Write out only the lines from the start of the entries up to and including the line with "Magyar Szó, 16."; please skip the pictures.

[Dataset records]
+++++

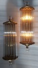 Pair Vintage Art Deco Nickel Brass Ribbed Glass Rod Ship Light Wall Sconces Lamp
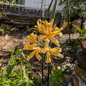 2024秋の十草、すでに別の品種で一票入れていますが、リコリスで~♪ 小田原城の側のコインパーキング脇のおうち(事務所?)の花壇に咲いていたものです。 リコリス・オーレア(ショウキラン、ショウキスイセンなどの和名があります)だと思います。とても鮮やかな黄色でした😊
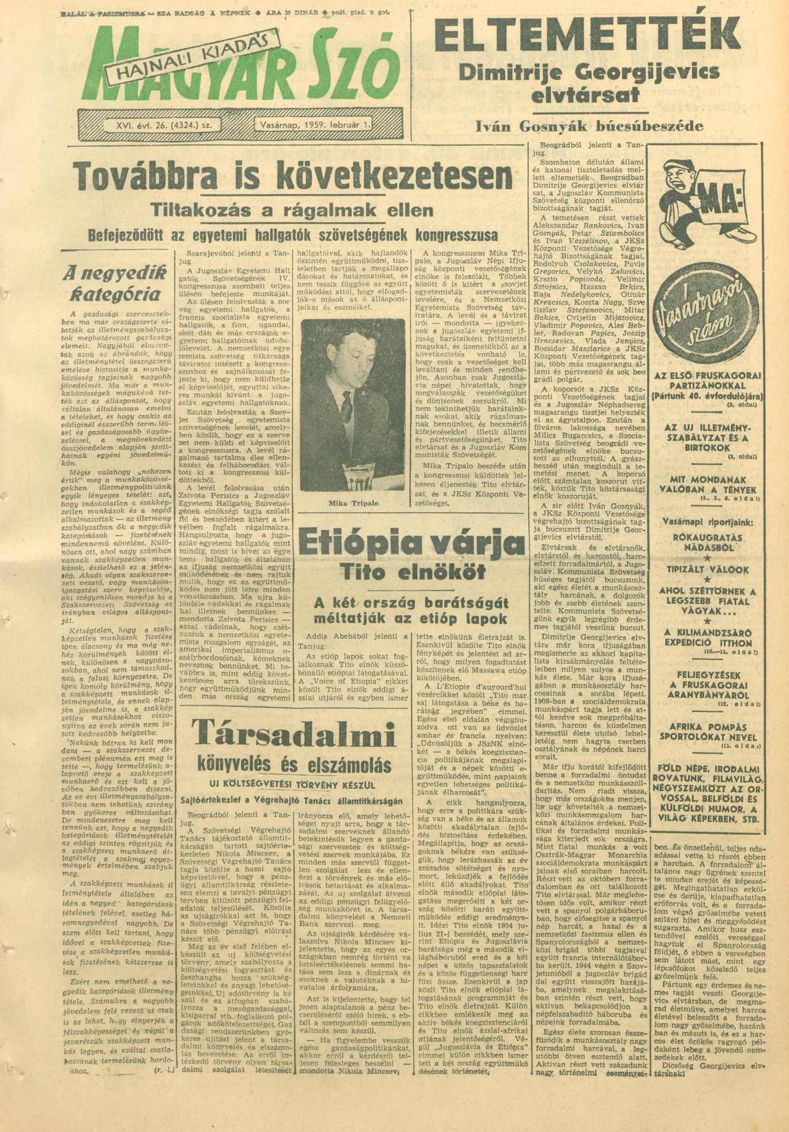 Magyar Szó, 16. évf. 1959. február 1. 26. sz. 1–24. oldal
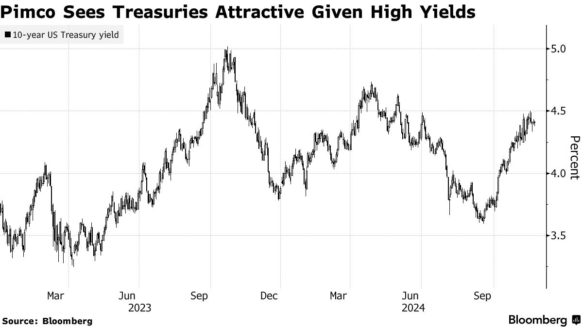 智通财经APP获悉,太平洋投资管理公司(Pimco)认为,鉴于近期美国国债收益率的大幅攀升及美联储未来可能进一步降息的前景,美国国债目前是一项具有吸引力的投资选择。周四数据显示,基准10年期美国国债收益率已跃升至约4.4%,相比9月中旬的低点增长了超过四分之三个百分点,且各期限债券收益率均重返4%以上水平。
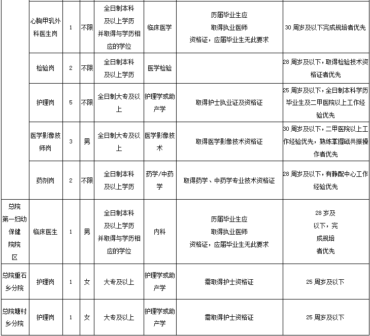 根据中共安远县委办公室、安远县人民政府办公室《关于印发安远县机关事业单位临聘人员管理若干措施(试行)的通知》(安办字〔2022〕109号)和安远县人民政府办公室《关于印发安远县紧密型县域医疗卫生共同体建设工作实施方案的通知》(安府办字〔2024〕66号)等文件精神,因业务开展需要,安远县卫生健康总院人民医院院区、第一妇幼保健院院区、重石乡分院、塘村乡分院现面向社会公开招聘卫生专业技术人员40名,现将有关事项公告如下:
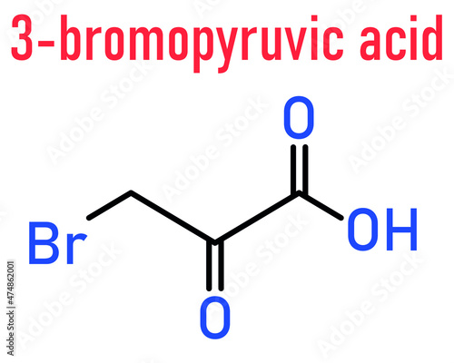 Bromopyruvic acid or 3-bromopyruvic acid, 3-bromopyruvate, controversial cancer drug molecule. Investigational oncology drug, currently used without supporting clinical trial data. Skeletal formula.
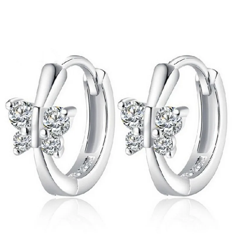 Серьги-бабочки для девочек, из серебра 925 пробы, с цирконием, мале...
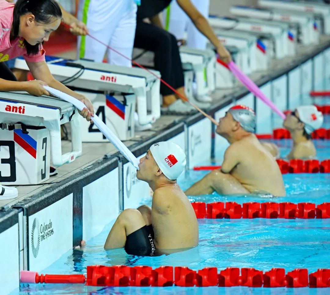 2018-08-28,广东省肇庆市西江学院游泳馆。三名重度残障选手在游泳赛道上准备一拼。当日,广东省第八届残疾人运动会游泳项目举行决赛。作者:文兄言成
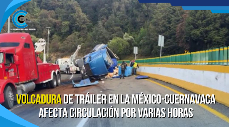 Volcadura de tráiler en la México-Cuernavaca afecta circulación por varias horas
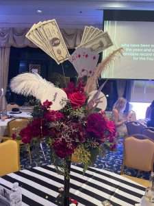 On September 28, 2024, Maryland Chapter Gold Star Moms Donna Robinson, Paula Davis, Janice Chance, Stephanie White and their guests attended the AUSA 20th Annual Fisher House Gala fundraiser. It was held at Water’s Edge Event Center in Belcamp, MD. The first gala was held at Fort Monmouth, New Jersey, with which over 360 guests attended. On behalf of the Major General (MG) Harry Greene Chapter, Bob Gutjahr, President welcomed everyone to the Gala. Since 2004, the Monmouth and Aberdeen Communities have staged this event in support of the Fisher House Foundation. The Foundation raises funds that enables comfort homes to be built that are placed near major military and VA medical centers. There are currently 99 Fisher Homes, almost reaching a goal of 100 homes. Since its inception, the Foundation has saved military and veteran’s families an estimated $525 million in out-of-pocket costs for lodging and transportation for military and veteran’s families. Families stay at no cost while a loved one is receiving critical care. There were 54 sponsors for the event this evening. The AUSA Fundraiser committee selected “The Roaring 20’s” as their theme this year; therefore, many of the attendees wore attire from the 20’s decade. Guests also feasted on different foods that would be found from that era as well as many finger foods and desserts. Guests were also entertained with great music. An auction was held along with raffle drawings for 19 Gift Baskets. The Maryland Gold Star Mothers Chapter donated two beautiful gift baskets. The two baskets were a “Party like Gatsby Theme” Auction basket with a monetary value of $375.00 and “Fall Coziness” Auction basket with a monetary value of $300.00 created by Maryland Gold Star Mother, Lauren Seidler. Attending the fundraiser was a wonderful way to support our heroes and their families. Next year’s Fisher House Fundraiser event will be held on September 20, 2025 with a “Red White & Blue BBQ” theme.
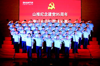 当日山推举行纪念建党95周年职工歌咏大赛,千余名山推职工汇聚一堂,纵情放歌,歌唱祖国,抒发时代豪情;歌唱山推,展现爱岗敬业的精神风貌。12个职工代表队分别演唱了《没有共产党就没有新中国》、《强军战歌》、《中国,中国,鲜红的太阳永不落》、《我爱我的祖国》一首首脍炙人口的歌曲,抒发了企业员工对中国共产党光荣历史和丰功伟绩的讴歌和赞美,唱响中华民族伟大复兴的乐章。
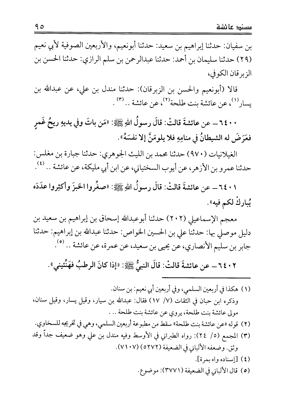قالا (أبونعيم والحسن بن الزبرقان): حدثنا مندل بن علي، عن عبدالله بن يسار (¬1)، عن عائشة بنت طلحة (¬2)، عن عائشة .. (¬3).
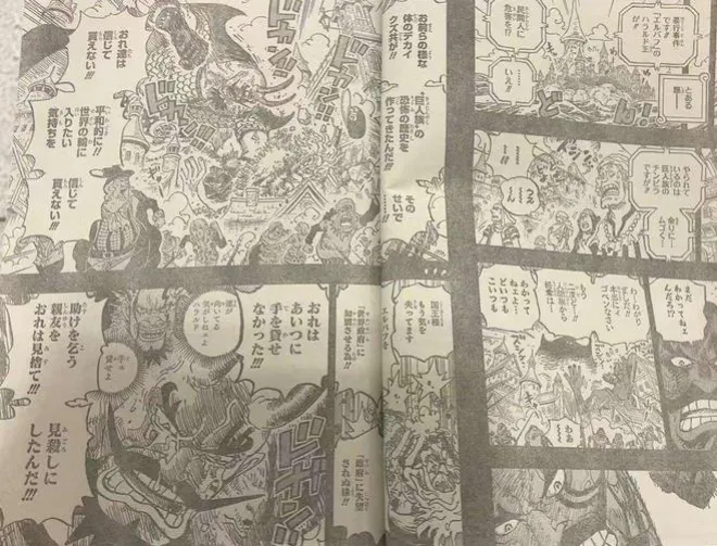 尾田大神用了一張跨頁來宣布神之谷事件徹底結束了!分別出現了兩個對稱框,代表卡普、羅傑、白鬍子、玲玲是同輩的。
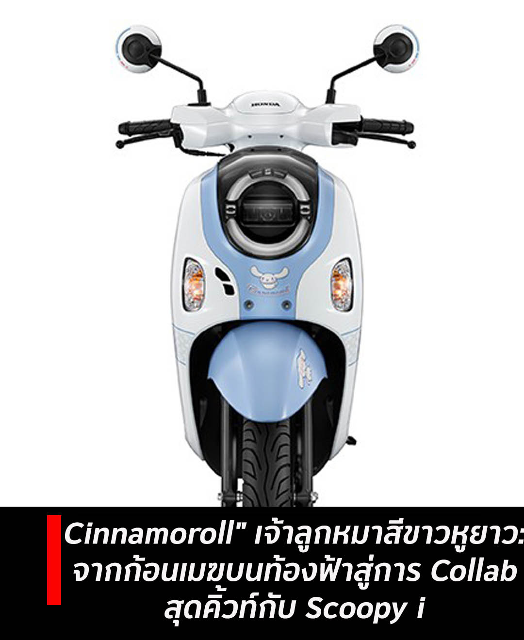 ความฮอตของ Cinnamoroll ไม่หยุดอยู่แค่เครื่องเขียนหรือตุ๊กตา เมื่อ Honda ผู้นำตลาดรถจักรยานยนต์เล็งเห็นถึงพลังของคาแรคเตอร์นี้ จึงเกิดการ Collab ครั้งสำคัญในชื่อ "New Honda Scoopy i Cinnamoroll Limited Edition"
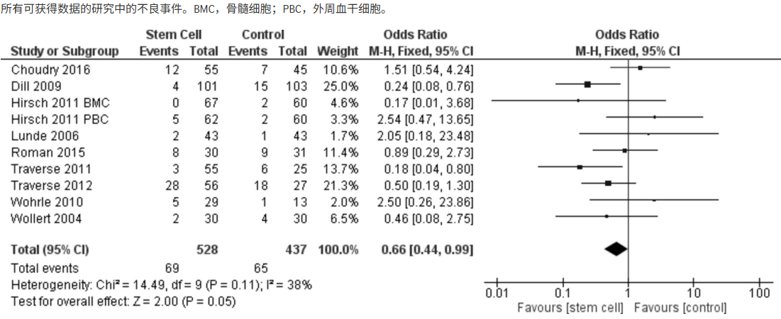 在長達數年的隨訪中,接受干細胞治療的患者總體不良事件風險降低了約34%(OR=0.66),包括死亡、再次心梗和心衰再住院等重要臨床終點。更令人放心的是,研究中并未報告與干細胞治療直接相關的腫瘤病例,初步證實干細胞療法在短中期是相對安全可靠的。
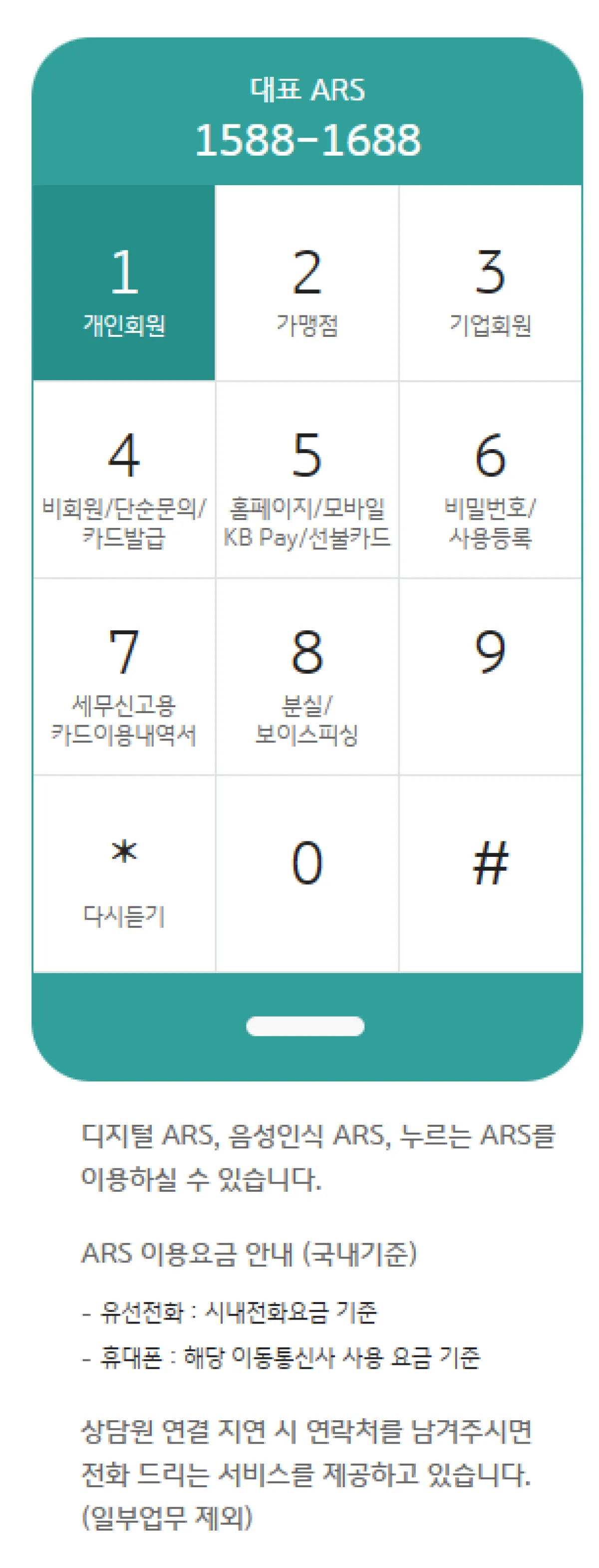 2.3 국민카드 고객센터의 상담원 연결 방법
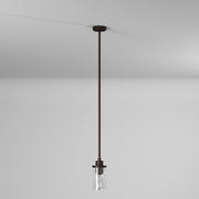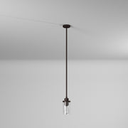 The Menlo Park Collection is painted in a dark chocolate finish, and complimented with a clear cylinder glass. Spherical clean lines throughout gives this collection the status of an instant classic. Shown with Edison filament bulbs to convey the retro look. Single light pendant model
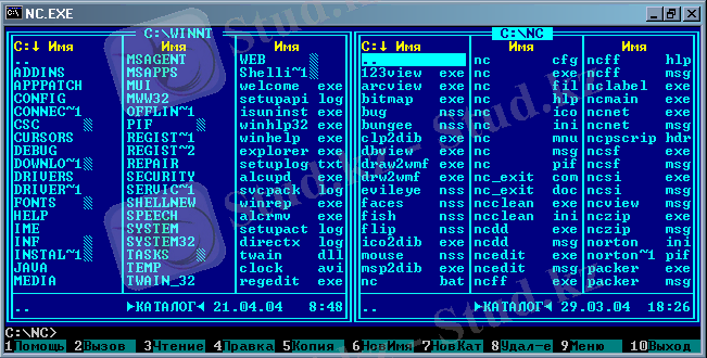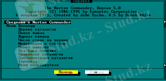 Norton Commander (NC) бағдарламасының төменгi менюi.
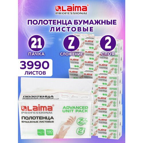 НАЙТИ ВЫГОДНЕЕ - Бумажные полотенца для диспенсера листовые, 21 пачка по 190 полотенец, 2-слойные, Z-сложение, Laima, 880945
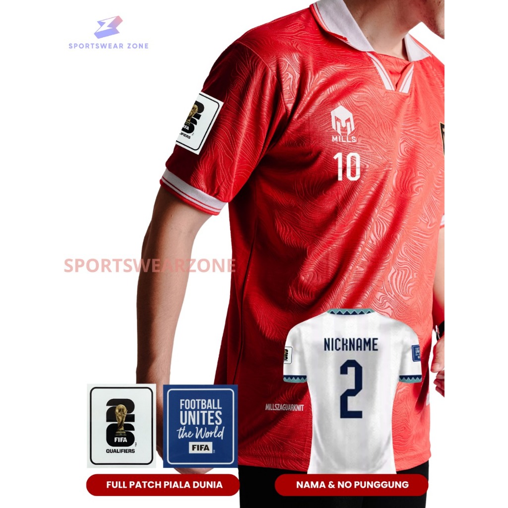 FullPatch Pildun Lengan Kanan & Kiri Baju Jersey Timnas Indonesia Mills Home Away 2024 Unisex Atasan Terbaru Jumbo/Big Size
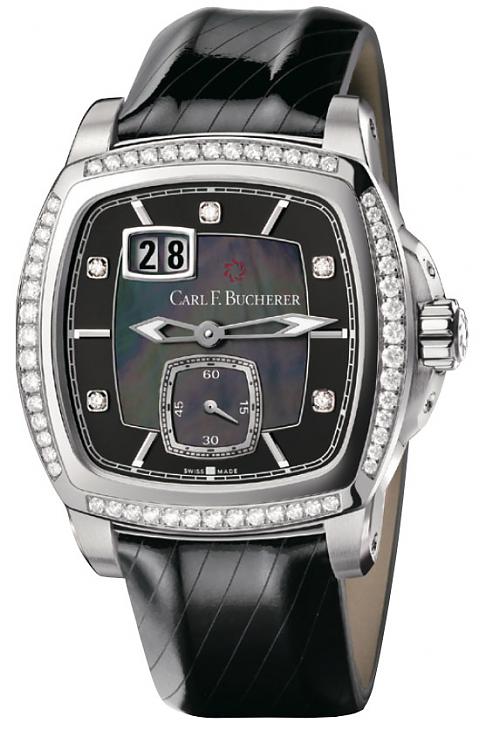 不鏽鋼材質 / CFB A1003自動上鍊機芯 / 時、分、小秒、大日期顯示 / 錶圈鑲鑽56 顆、共1.1 克拉 / 藍寶石水晶鏡面、透明底蓋 / 防水50米 / 錶徑38.54×39.25mm。
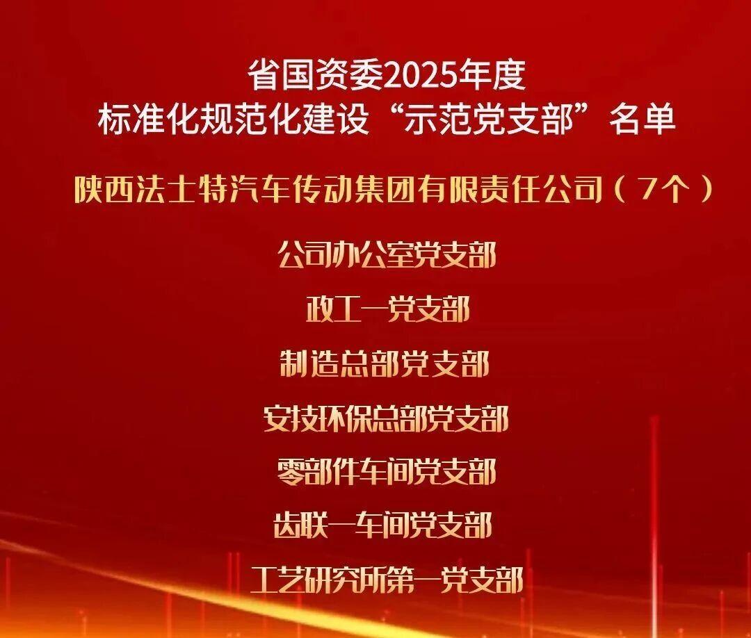 點擊量:1815近日,陜西省國資委黨委通報2025年度標準化規范化建設示范黨支部名單,法士特集團公司辦公室、政工一、制造總部等7個基層黨支部榜上有名,榮獲省國資委“示范黨支部”稱號。這既是對法士特集團黨委深耕黨建品牌建設、推進基層黨組織標準化規范化建設成果的高度肯定,更彰顯了企業以制度落實強化組織效能、推進黨建與業務深度...
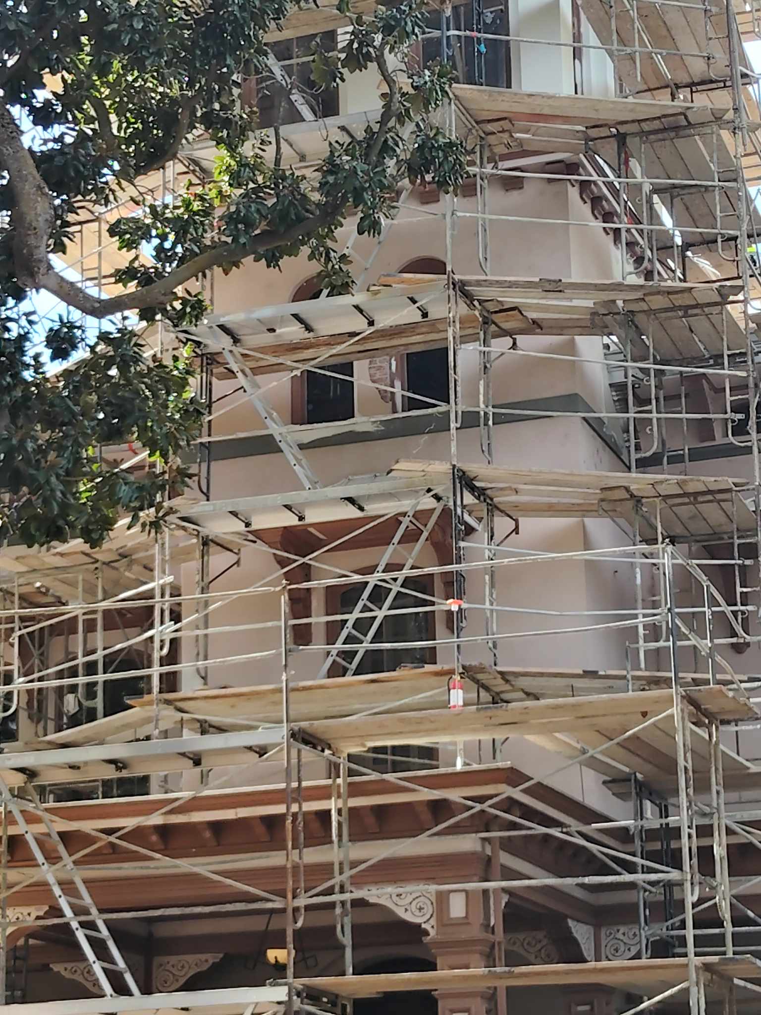 All of the ornamental urns and balustrades are to be evaluated and will be repaired or replaced. The roof is also slated for complete replacement.
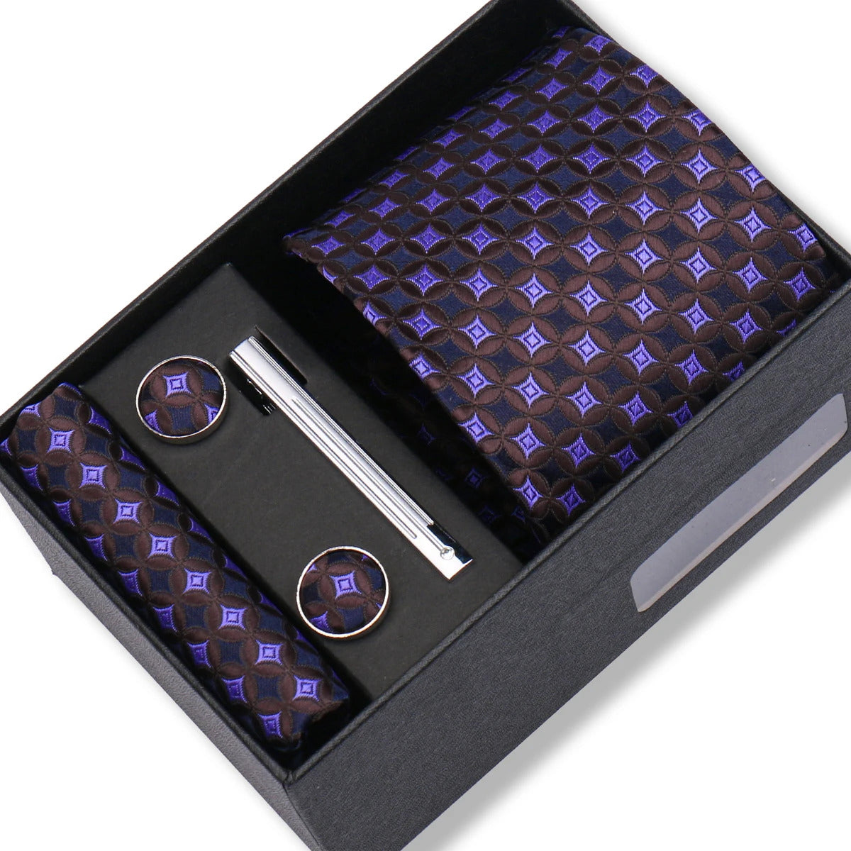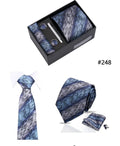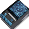 Wedding Gift Tie Wholesale New Style Pocket Squares Set Cufflinks Tie Clip Necktie Box Men Fit Wedding Blue Paisley Black Boxs
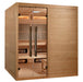 Indulge in premium relaxation with the expansive Toledo 6-person hybrid sauna, expertly crafted from sustainable, natural reforested Canadian Hemlock. Its innovative floating bench design includes a retractable lower bench, creating ample room for yoga or stretching. Seamlessly blending cutting-edge full-spectrum infrared technology with a robust Harvia traditional stove, this sauna offers an ideal harmony of soothing heat and wellness benefits. Perfectly accommodating up to six people with advanced Hybrid and Full Spectrum Technology.
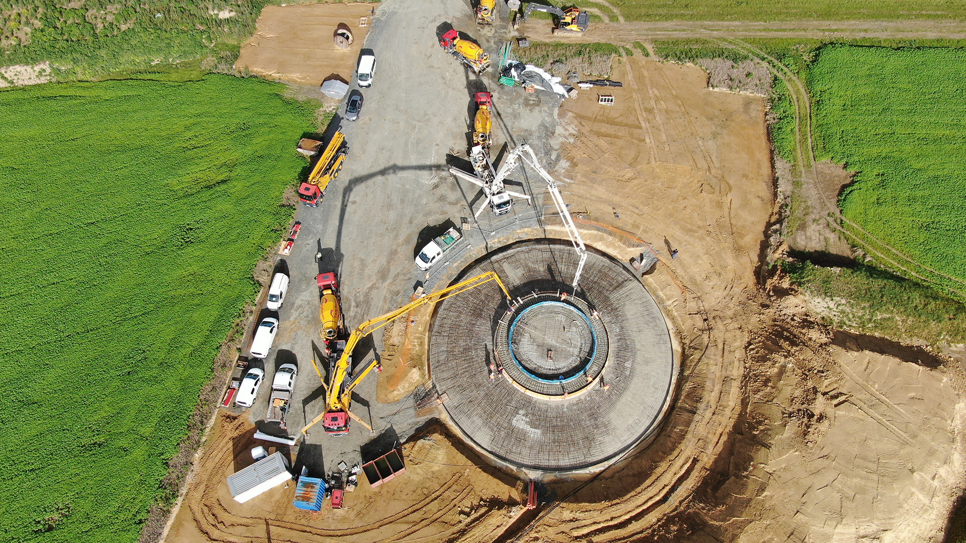 Blick auf die Baustelle Bürgerwindpark Flöthe am 7. Oktober 2021. Unsere Planung für einen Minimalverbrauch an landwirtschaftlicher Fläche trägt Früchte! Die für den Bau der vier Windenergieanlagen erforderlichen Flächen wurden so klein wie möglich gehalten.

+++++

■ **Response**:
 Pair Vintage Art Deco Nickel Brass Ribbed Glass Rod Ship Light Wall Sconces Lamp
 2024秋の十草、すでに別の品種で一票入れていますが、リコリスで~♪ 小田原城の側のコインパーキング脇のおうち(事務所?)の花壇に咲いていたものです。 リコリス・オーレア(ショウキラン、ショウキスイセンなどの和名があります)だと思います。とても鮮やかな黄色でした😊
 Magyar Szó, 16. évf. 1959. február 1. 26. sz. 1–24. oldal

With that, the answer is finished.